TEMPO.CO, Jakarta - Kepala Badan Pembinaan Ideologi Pancasila (BPIP), Yudian Wahyudi, mengatakan akan menguatkan dukungan terhadap Pancasila melalui pendekatan agama. “Saya kemarin itu mau kembalikan pakai itu, maksud saya penguatannya melalui agama. Tapi yang tertangkap kan beda,” kata Yudian saat ditemui Tempo di Kantor BPIP, Jakarta, Kamis, 13 Februari 2020.

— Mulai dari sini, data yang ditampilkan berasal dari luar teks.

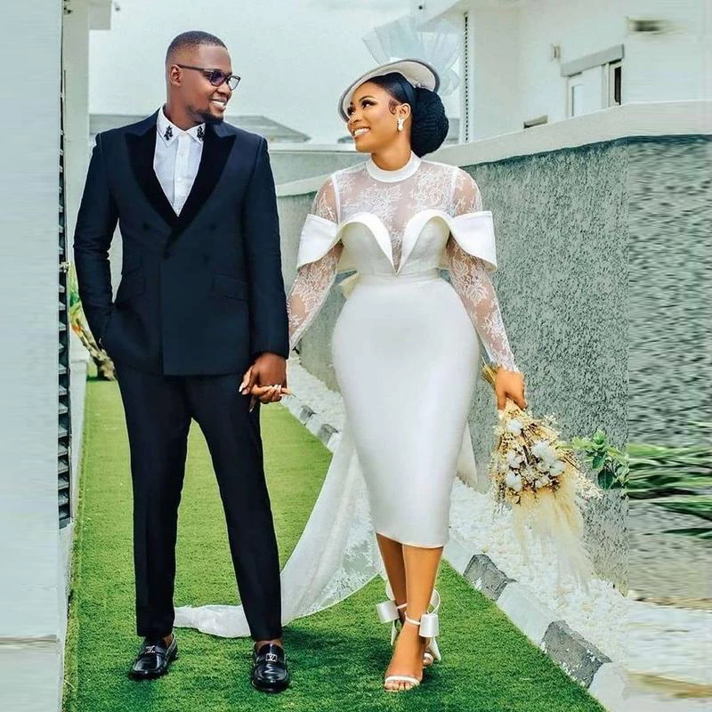 Женское свадебное платье до середины икры It's yiiya, белое платье в африканском стиле с длинным рукавом, кружевным топом и шлейфом на лето 2019
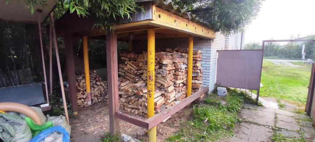 Дом выполнен из бруса, облицован кирпичом и сайдингом. Есть три комнаты, кухня, веранда. Так же имеются две печки и камин.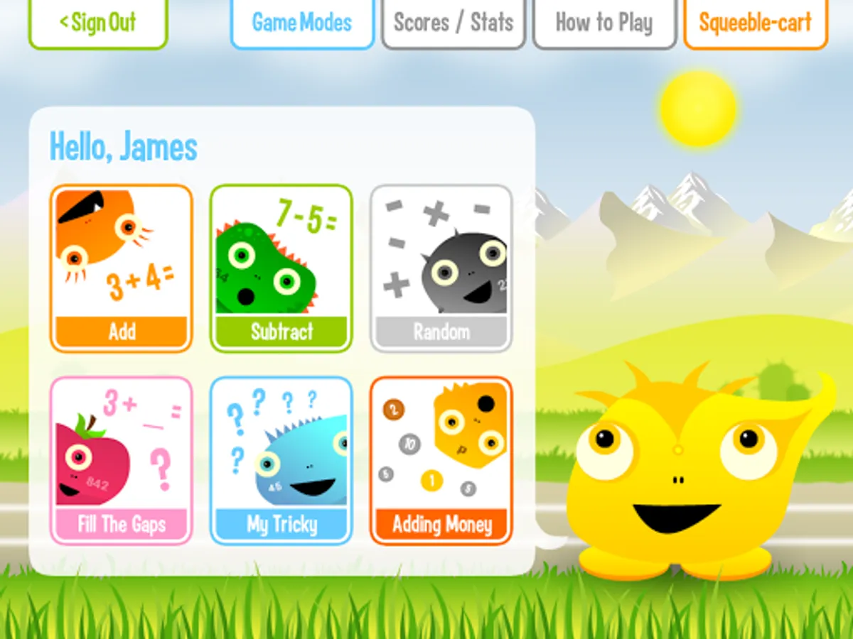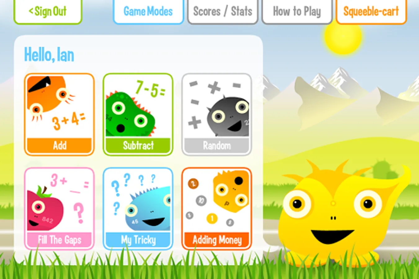By answering addition and subtraction questions across a variety of game modes and difficulty settings, you can free the 24 Squeebles from the clutches of the nasty Maths Monster as well as earn turns on a fun mini-game as a reward for doing well in your math tests.

Yudian menuturkan, hal itu menjadi perhatian karena persentase dukungan terhadap Pancasila terus menurun dalam 13 tahun terakhir. Merujuk pada survei LSI Denny JA pada 2018, publik yang pro Pancasila mencapai 85,2 persen pada 2005. Pada 2010, angkanya menurun menjadi 81,7 persen. Kemudian pada 2015, angkanya menjadi 79,4 persen. Angka semakin menurun pada 2018 menjadi 75,3 persen.
Yudian menganggap, reaksi masyarakat atas pernyataannya tentang agama dan Pancasila menandakan perlu ada tukar pikiran dan masukan. Sebab, masyarakat salah memahami konteks pernyataannya.

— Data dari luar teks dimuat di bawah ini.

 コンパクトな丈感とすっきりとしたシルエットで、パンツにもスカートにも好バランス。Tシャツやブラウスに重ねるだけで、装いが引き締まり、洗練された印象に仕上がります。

Rektor UIN Sunan Kalijaga itu mengatakan bahwa agama bukan musuh Pancasila. Tetapi musuh Pancasila adalah perilaku orang-orang berpikiran ekstrim yang mempolitisasi agama dan menganggap dirinya mayoritas. “Agama direduksi hanya pada poin kecil yang mereka mau, menutup yang lain. Nah, kelompok ini pada kenyataannya di masyarakat minoritas, tapi mereka mengklaim mayoritas,” ujarnya.
Jika perilaku tersebut tidak dikelola dengan baik, Yudian khawatir munculnya perpecahan. Padahal, persatuan merupakan perintah yang tertuang dalam kitab suci. Di Al Quran, misalnya, perintah bersatu tersirat dalam Surat Ali Imran ayat 103 yang berbunyi, berpegang teguh kalian semua dengan tali Allah dan jangan bercerai berai.

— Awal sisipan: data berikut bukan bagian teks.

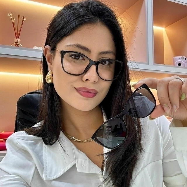 O modelo vem com lentes de sol no estilo clip-on, garantindo que você esteja pronta e protegida nos dias ensolarados, com todo o charme das armações retangular.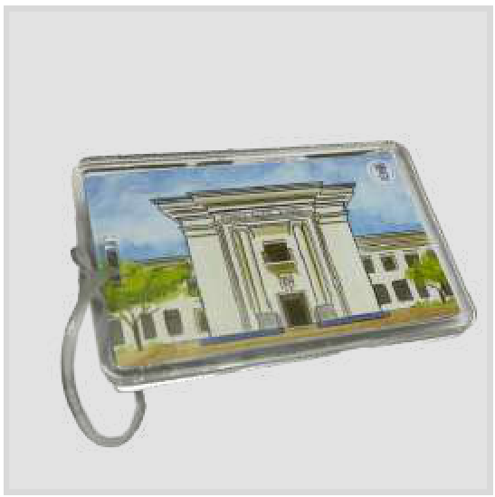 Durable and personalized luggage tag featuring a watercolor-style illustration of a building. Includes a flexible strap for easy attachment to any suitcase or bag, making your travel gear easily identifiable.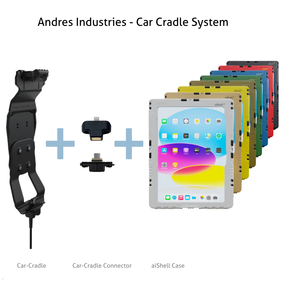 Das aiShell Car Cradle, erhältlich mit USB-C oder Lightning Anschluss, ist die professionellste Befestigungslösung und Ladestation für das Andres Industries aiShell Schutzgehäuse. Die Tablet Halteschalen mit Ladefunktion sind besonders geeignet für Anwendungen, bei denen das aiShell Gehäuse mit dem iPad mehrfach täglich in eine Halterung gesteckt und aufgeladen wird. Dies ist insbesondere für Lieferfahrer:innen, Wartungspersonal und Rettungsdienst-Personal von großer Bedeutung.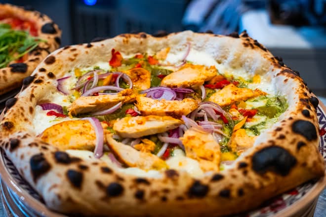 Base crème au pesto, mozzarella, oignons rouges, poulet et poivrons.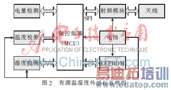 本文所设计的有源温湿度传感标签的结构框图如图2所示。有源标签的核心是一个微控制器(MCU),射频模块通过天线进行射频信号的收/发;EEPROM 存储标签的身份识别码以及物品的属性等信息;温度检测和湿度检测分别用来检测标签所处环境的温度和湿度,为简化设计,可以使用集温湿度检测于一体的芯片;电量检测模块通过检测电池的电压,并根据电池电量和电压的对照关系,间接地检测出电池的剩余电量;电池为各个模块的正常工作提供电源。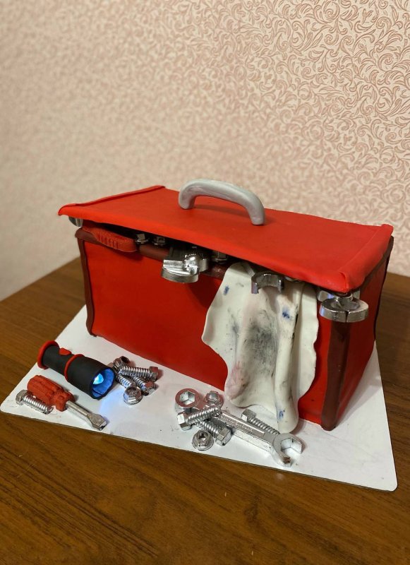 Форма отличная по качеству, силикон плотный. Инструменты реально похожи на настоящие после покраски серебряным блеском. Особенно гайки и винтики реалистичные. Когда презентовала торт, у меня несколько раз уточнили точно ли инструменты шоколадные, а не настоящие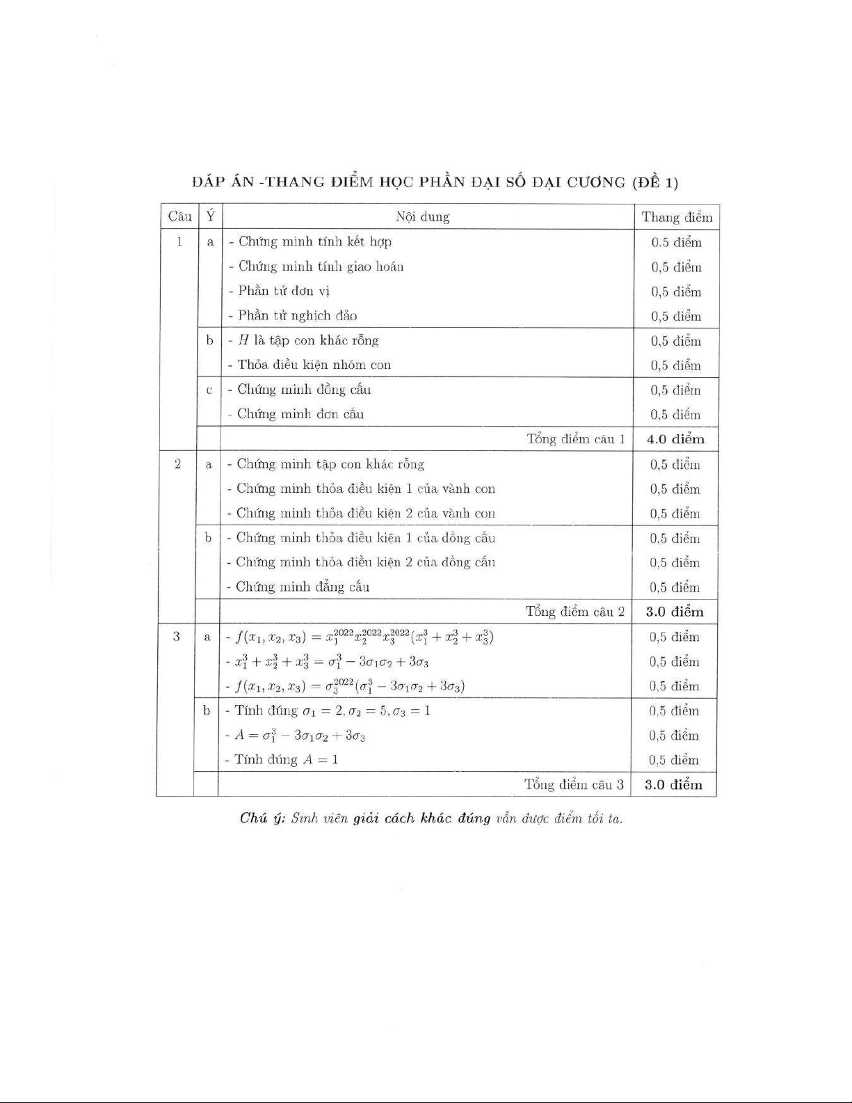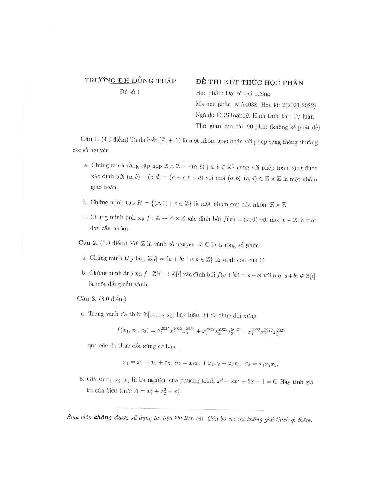 Đề thi kết thúc học phần học kì 2 môn Đại số đại cương năm 2021-2022 có đáp án - Trường ĐH Đồng Tháp

Dalam berbangsa dan bernegara, tali yang menjadi ikatan warga negara tertuang dalam sila-sila Pancasila. “Kita punya sikap masing-masing, baru saya tarik ke konsensus tingkat tinggi. Tertinggi namanya Pancasila. Jadi Pancasila ini konsensus tertinggi bangsa ini,” kata dia.
Rektor UIN Sunan Kalijaga itu juga mengimbau pada semua umat beragama untuk menempatkan konstitusi di atas kitab suci dalam berbangsa dan bernegara. Adapun untuk urusan beragama, kembali ke masing-masing pribadi masyarakat.
“Saya menghimbau pada orang Islam, mulai bergeser dari kitab suci ke konstitusi kalau dalam berbangsa dan bernegara. Sama, semua agama. Jadi kalau bahasa hari ini, konstitusi di atas kitab suci. Itu fakta sosial politik,” ujarnya.